JPH06145669A - Self-fusible carbonaceous powder and high-density carbon material - Google Patents

Abstract

PURPOSE:To obtain the subject powder, having specific atomic ratios of hydrogen and oxygen to carbon and suitable as a raw material, etc., for high-density carbon materials by heat-treating mesophase pitch having a specific carbonization yield, a specified softening point and a specific optically anisotropic phase. CONSTITUTION:Mesophase pitch, obtained by polymerizing naphthalene in the presence of a superstrong acid HO-BF3 and having >=70wt.% carbonization yield, >=170 deg.C softening point and >=70vol.% optically anisotropic phase is heated to 480 deg.C at 300 deg.C/hr rate in a nitrogen atmosphere and then heat-treated for 30min. Thereby, since the burning is achieved in a short time to provide a sufficiently high-density and high-strength carbon material simply by the burning at a time and excellent tackiness is imparted by moderate heat treatment, the objective self-fusible carbonaceous powder, having the atomic ratio of hydrogen to carbon within the range of 0.35-0.48 and <0.01 atomic ratio of oxygen to carbon and suitable as a binder for carbon composite materials, etc., is obtained.

Description

Detailed Description of the Invention

[0001]

BACKGROUND OF THE INVENTION 1. Field of the Invention The present invention relates to a self-fusing carbonaceous powder suitable as a raw material for high-density carbon materials and a binder for carbon composite materials, and a method for producing the same.

[0002]

2. Description of the Related Art Conventionally, many manufacturing methods for high-density carbon materials are known, but they are roughly divided into the following two methods from the viewpoint of starting materials. One method is a method in which an aggregate such as coke powder, natural graphite, or carbon black and a binder such as coal tar pitch are kneaded, and then molded and fired. In this method, since the residual carbon content of the binder is very low, the density of the molded body is very small in one carbonization, and in order to increase the density, the impregnation / carbonization process must be repeated many times to densify. In addition, in the carbonization process, volatile components in the binder are degassed, and sudden escape of gas not only leaves heterogeneous pores inside the molded body, but also causes expansion of the molded body and causes tissue destruction. Therefore, in order to prevent such an adverse effect, a very slow temperature rise of 2 to 10 ° C / hr is carried out in the carbonization step, and a production period of 3 to 4 weeks is required. The molded body that has undergone this carbonization step is fired at 2500 to 3000 ° C. to produce a graphitic carbon material depending on the application, but this graphitization step generally requires 2 to 3 weeks. As described above, it takes a long time of 2-3 months to manufacture a graphitic carbon material from an aggregate such as coke and a binder such as coal tar pitch through a complicated process.

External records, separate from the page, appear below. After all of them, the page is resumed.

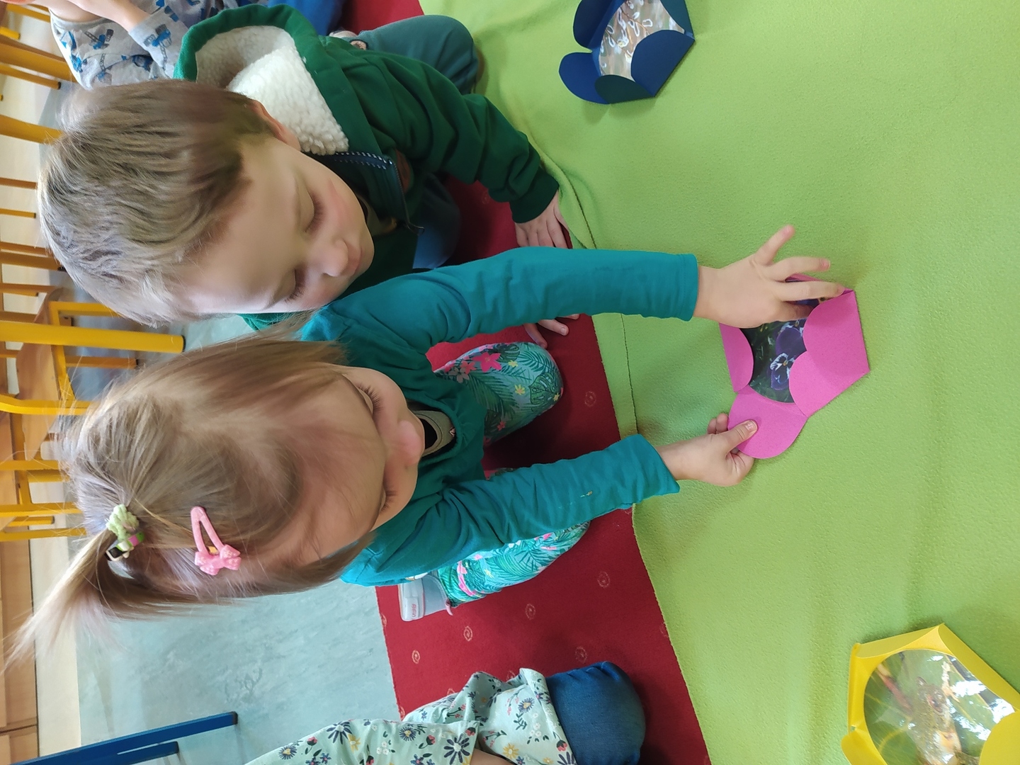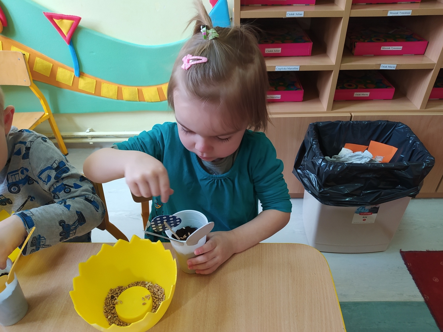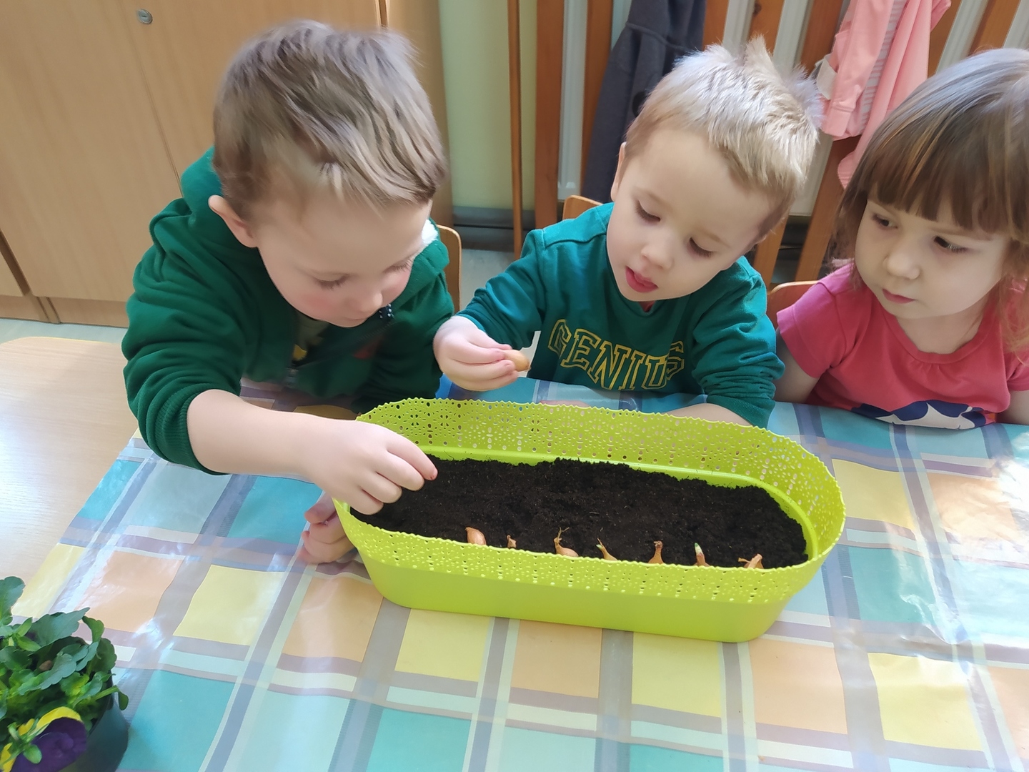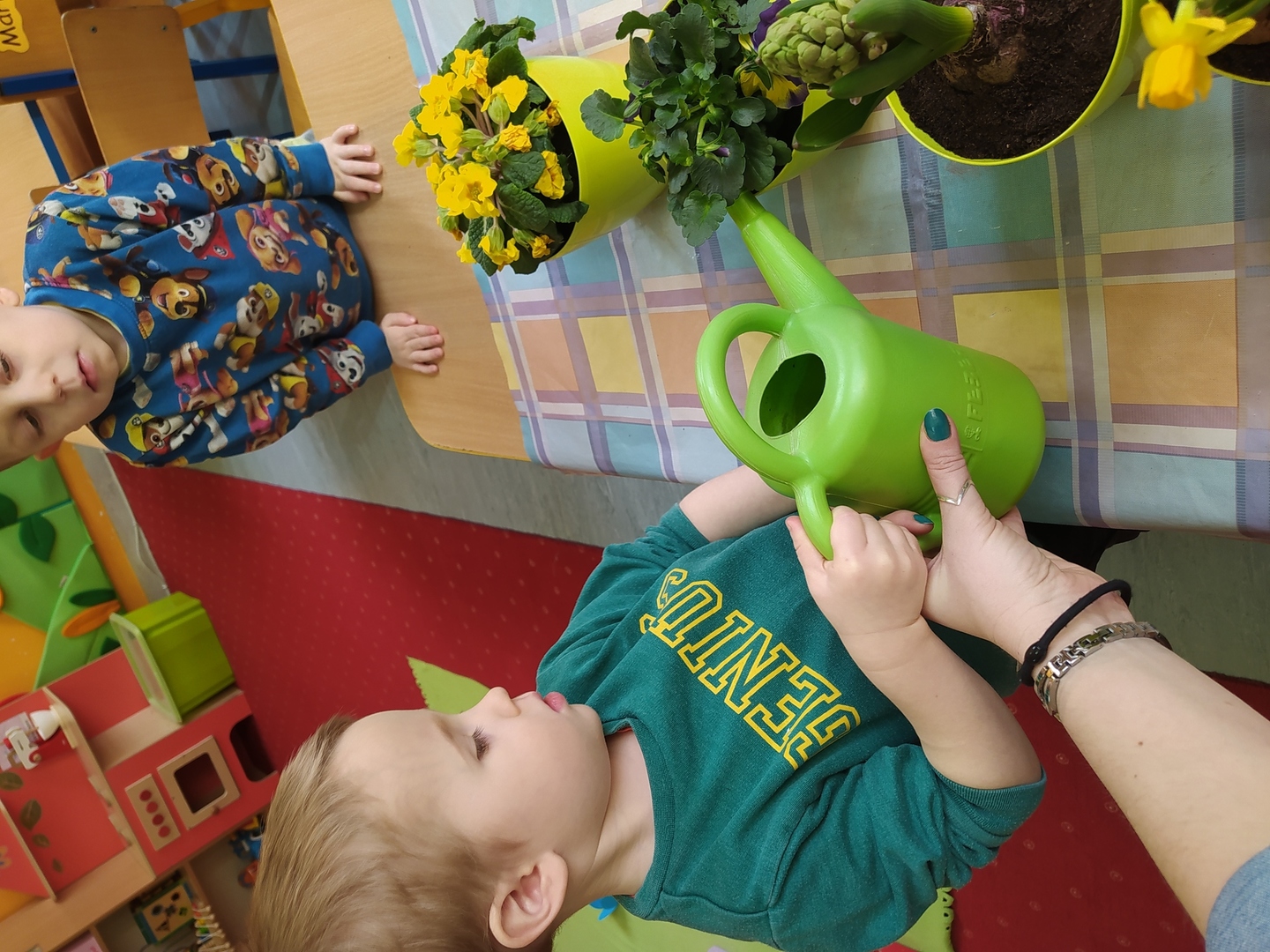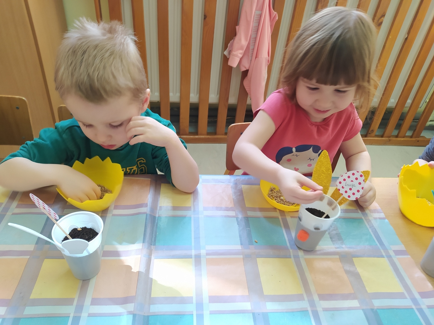 W naszym przedszkolu Smerfne przygotowania do pożegnania zimy i powitania wiosny zaczęły się już kilka dni wcześniej. Zmieniła się dekoracja przedszkola z zimowej na wiosenną, wspólnie przygotowaliśmy kolorowe gałązki, a i w serduszkach zrobiło się jakby cieplej. W dniu 22 marca zaś, zgodnie z tradycją, Smerfy świętowały Pierwszy Dzień Wiosny. Aby podkreślić charakter tego dnia, Przedszkolaki przyszły ubrane w kolorze wiosny, czyli na zielono. Już od rana w sali czekała na nie piękna i barwna niespodzianka od Pani Wiosny- kosz pełen kwiatów. Z ukrytego w nim listu, dowiedzieliśmy się jakie są pierwsze zwiastuny wiosny, a za sprawą „wycieczki” na zieloną łąkę obejrzeliśmy zdjęcia tych że zwiastunów i rozwiązaliśmy zagadki na ich temat. Następnie, przy dźwiękach wiosennych piosenek, wspólnie założyliśmy nasz pierwszy ogródek, w którym zasadziliśmy przyniesione przez Panią Wiosnę kwiaty, a także posialiśmy owies (p.s. pamiętaliśmy o chorujących kolegach i koleżankach i dla nich również zasialiśmy owies). Dzieci głośnym okrzykiem: "Witaj Wiosno, jak się masz, wszyscy Cię witamy, bądź wśród nas" oraz kolorowymi patyczkami witały wiosnę, zaś podczas spaceru wokół przedszkola sprawdzały, gdzie schowała się Wiosna i czy Zima już na dobre pożegnała się z przedszkolem. Wspólnej zabawie towarzyszyło wiele radości i uśmiechu, co wyraziliśmy kolorując portret Pani Wiosny. A teraz już tylko czekamy na cieplejsze wiosenne dni …
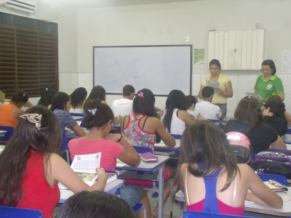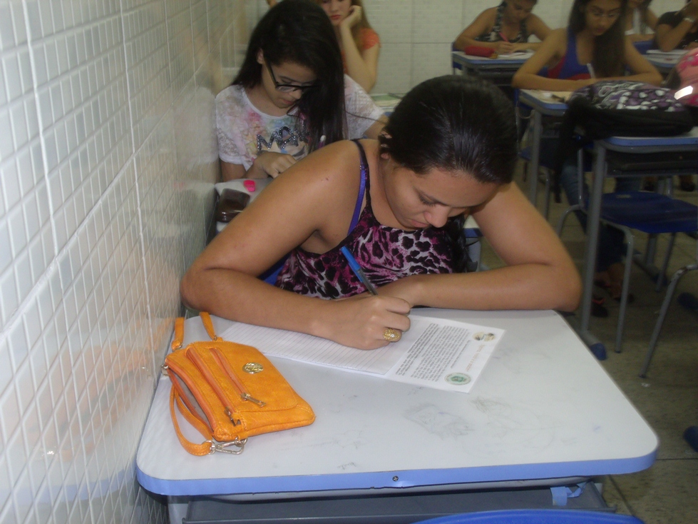 A professora Neide Aquino juntamente com a professora Ana Carla estão desenvolvendo um ótimo projeto sobre produção textual. Trata-se de uma série de ações que objetivarão melhorar a produção escrita dos alunos. Nesse primeiro momento serão feitas oficinas de redação baseadas nas competências do ENEM e no material preparatório fornecido pelo Governo do Estado do Ceará. Semanalmente uma redação é produzida, na semana seguinte ela é entregue com as devidas correções, em seguida são feitas orientações e um novo texto é feito. Ao final do processo será feito um gráfico para cada aluno com os avanços obtidos.
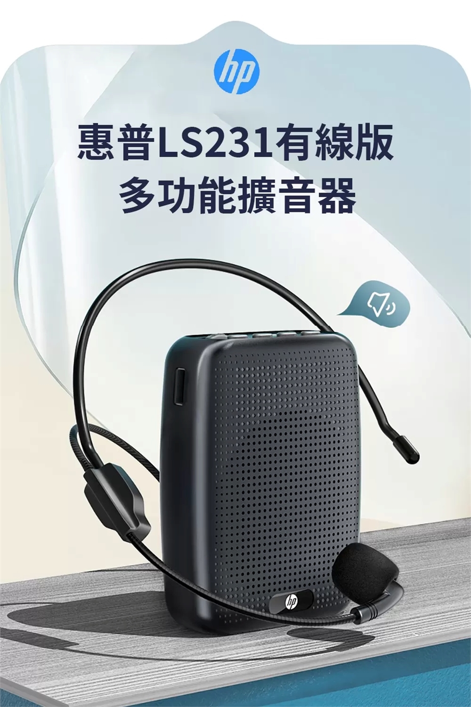 HP 惠普 LS231 多功能隨身擴音器,無論是課程導覽、聚會擴音都適用,可隨身揹帶擴大音量、免手持麥克風!搭配77mm大尺寸揚聲器,讓聲音清晰明亮,續航可高達五小時。
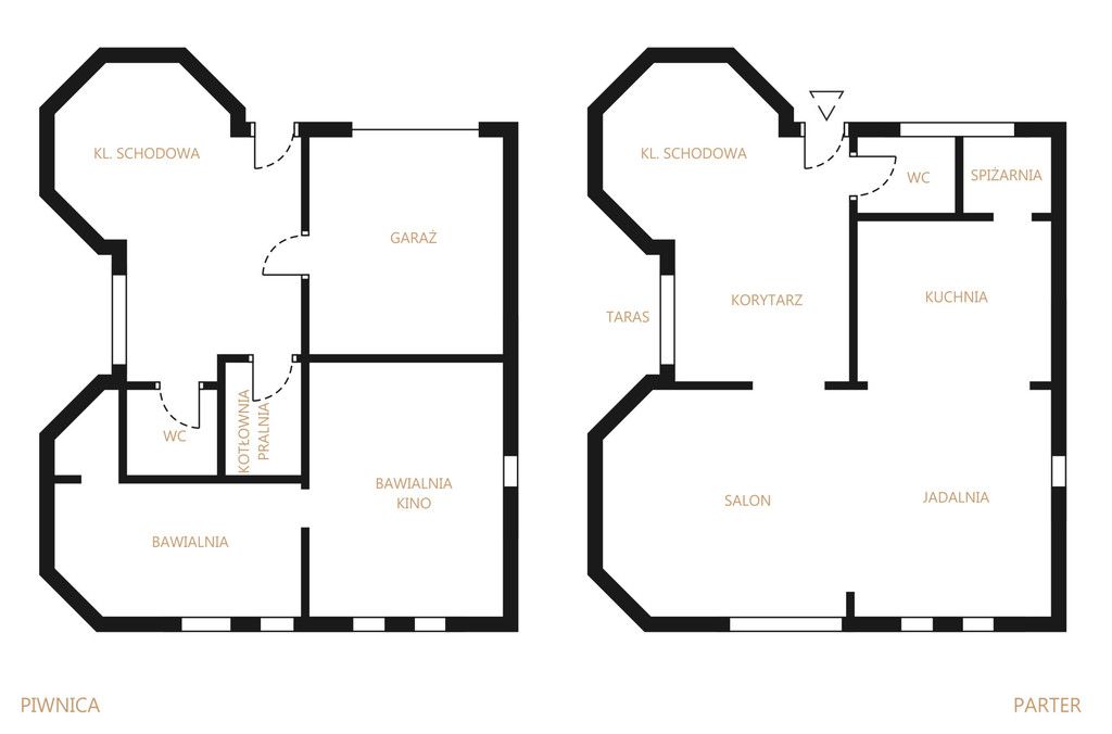 pokój filmowy, pokój dziecięcy, łazienka z prysznicem i toaletą, kotłownia i pralnia (pralka suszarka), serwerownia z tablicą rozdzielczą, garaż
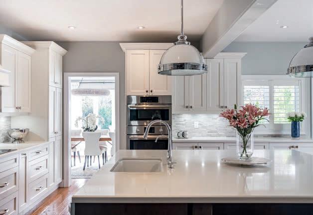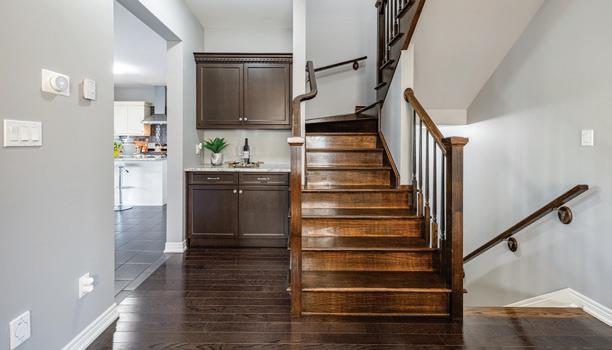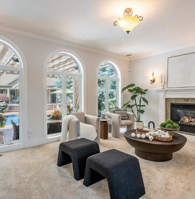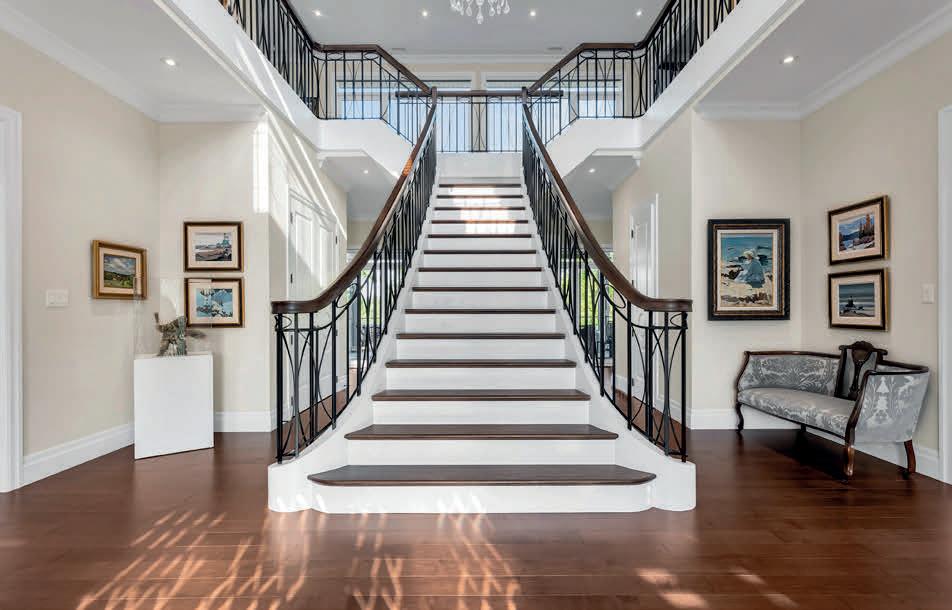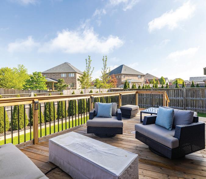 4 BEDS • 4 BATHS • $1,249,000 Welcome to this beautifully upgraded and spacious two-story home featuring 10’ ceilings, recessed lighting, granite countertops, California shutters, and 24x24 tiled marble flooring. The home theater is managed by a hub in the basement, and the entire house is cablefree. All wiring is hidden. All rooms have Sonos speakers installed in the ceiling, and the master bedroom has a balcony patio with external cameras. The basement has a walk-up exterior and nine-foot ceilings. Handy laundry/ mudroom located off the garage.
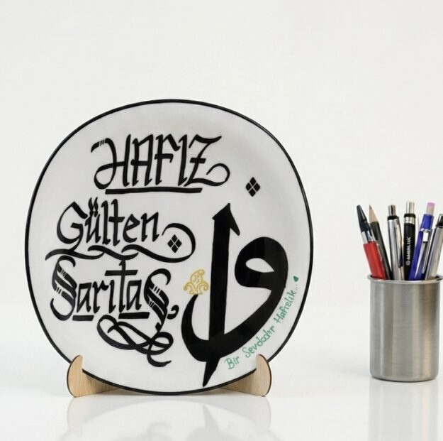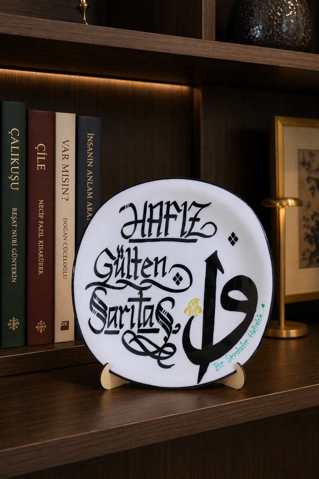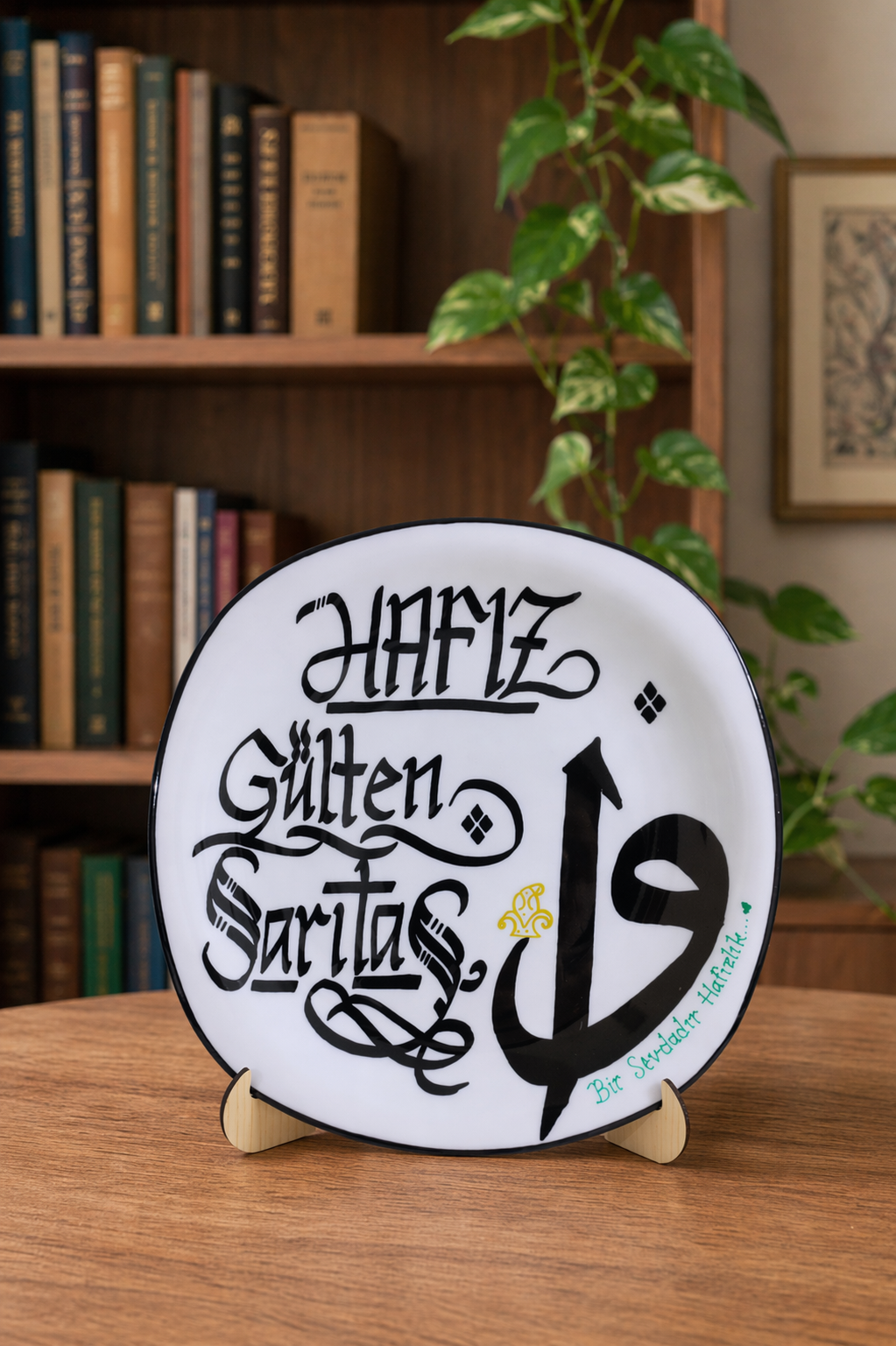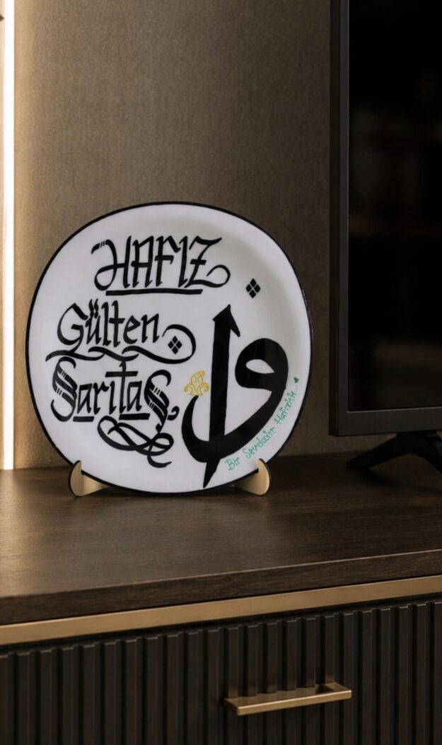 Evinizin atmosferini değiştirecek, sadece size özel bir sanat eserine ne dersiniz? 25 cm genişliğindeki asil porselen tabağımız, kaligrafinin büyüleyici çizgileriyle yeniden hayat buluyor.
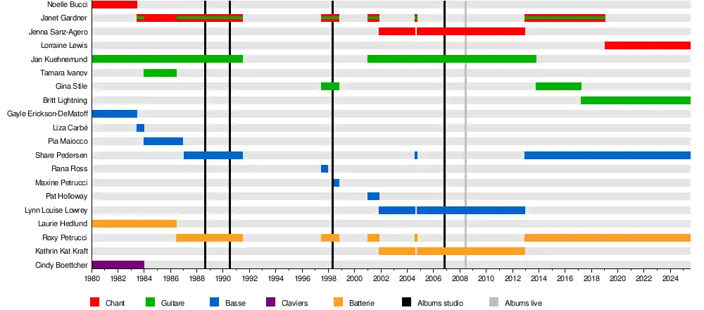 - Janet Gardner – chant et guitare rythmique, tambourine (1983–1991, 1997–1998, 2001, 2004, 2012–2013, 2013–2019)
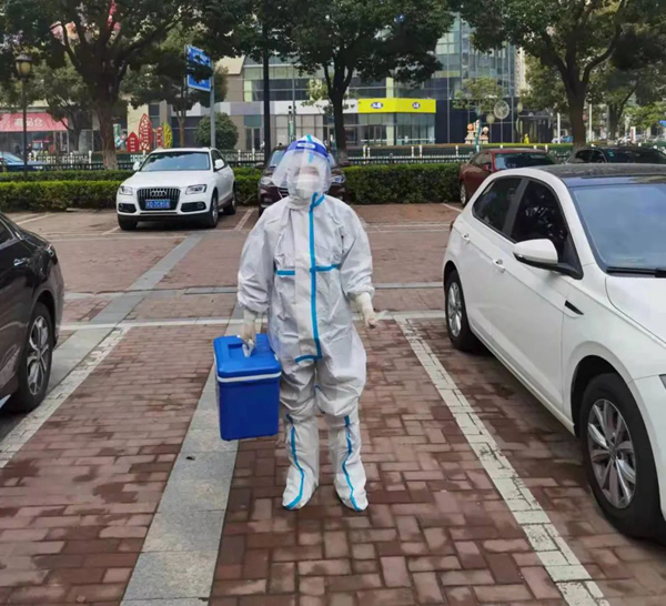 3月13日以来,杨芝香与武进高新北区工作组采样队到抗击疫情第一线,进行核酸采样工作。她早出晚归披星戴月,以最高质量、最快速度助力居民核酸采样工作顺利开展。
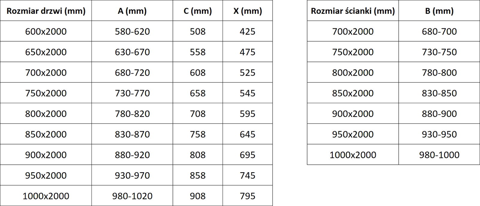 Dydis: 85x90 cm (durys 85 cm, sienelė 90 cm)

Another method uses no binder,
This is a method of using optically anisotropic small spheres as a raw material for a high-density carbon material. That is, the optically anisotropic small spheres (mesophase spherulites) produced during the heat treatment of coal tar pitch or heavy petroleum oil at 350 to 500 ° C were separated and dried from the pitch matrix by solvent fractionation. This is a method in which mesophase spherulites are used as a raw material, and this is pressure-molded and then fired, and a high-density and isotropic carbon material can be manufactured. However, in this method, a large amount of extraction solvent is required in the spherulite / separation step, and solvent separation must be repeated many times, and it is difficult to completely remove the residual solvent from the obtained spherulite. Therefore, it tends to cause cracking and expansion of the molded body in the subsequent carbonization step. Moreover, in such a spherulite solvent extraction method, in addition to the low separation yield, it is not easy to control the properties of the formed spherulites, and there are many industrial problems in stably producing a constant quality raw material.

[0004]

DISCLOSURE OF THE INVENTION Problems to be Solved by the Invention Since the process for producing a high-density carbon material is extremely complicated and requires a very long production period as described above, a high-density carbon material produced by a conventional method is It is expensive, and as a result, it is currently severely restricted in its field of use. Therefore, it is one of the major problems in the carbon industry to greatly simplify the manufacturing process of the high-density carbon material and shorten the manufacturing period. An object of the present invention is to provide a self-fusing carbonaceous powder that can produce a high-density and high-strength carbon material in a short time and at low cost, and a method for producing the same.

[0005]

[Means for Solving the Problems] As a result of intensive studies to achieve the above-mentioned object, the inventors have found that by heat-treating a specific mesophase, the atomic ratio (H / C) of hydrogen to carbon within a certain range and the ratio of hydrogen to carbon Add a binder by preparing a heat-treated pitch with an atomic ratio of oxygen (O / C) and using this heat-treated powder with enhanced carbonization yield and excellent self-fusion properties as a raw material. The inventors have found that a high-density carbon material can be obtained in a short time and at low cost without causing the present invention.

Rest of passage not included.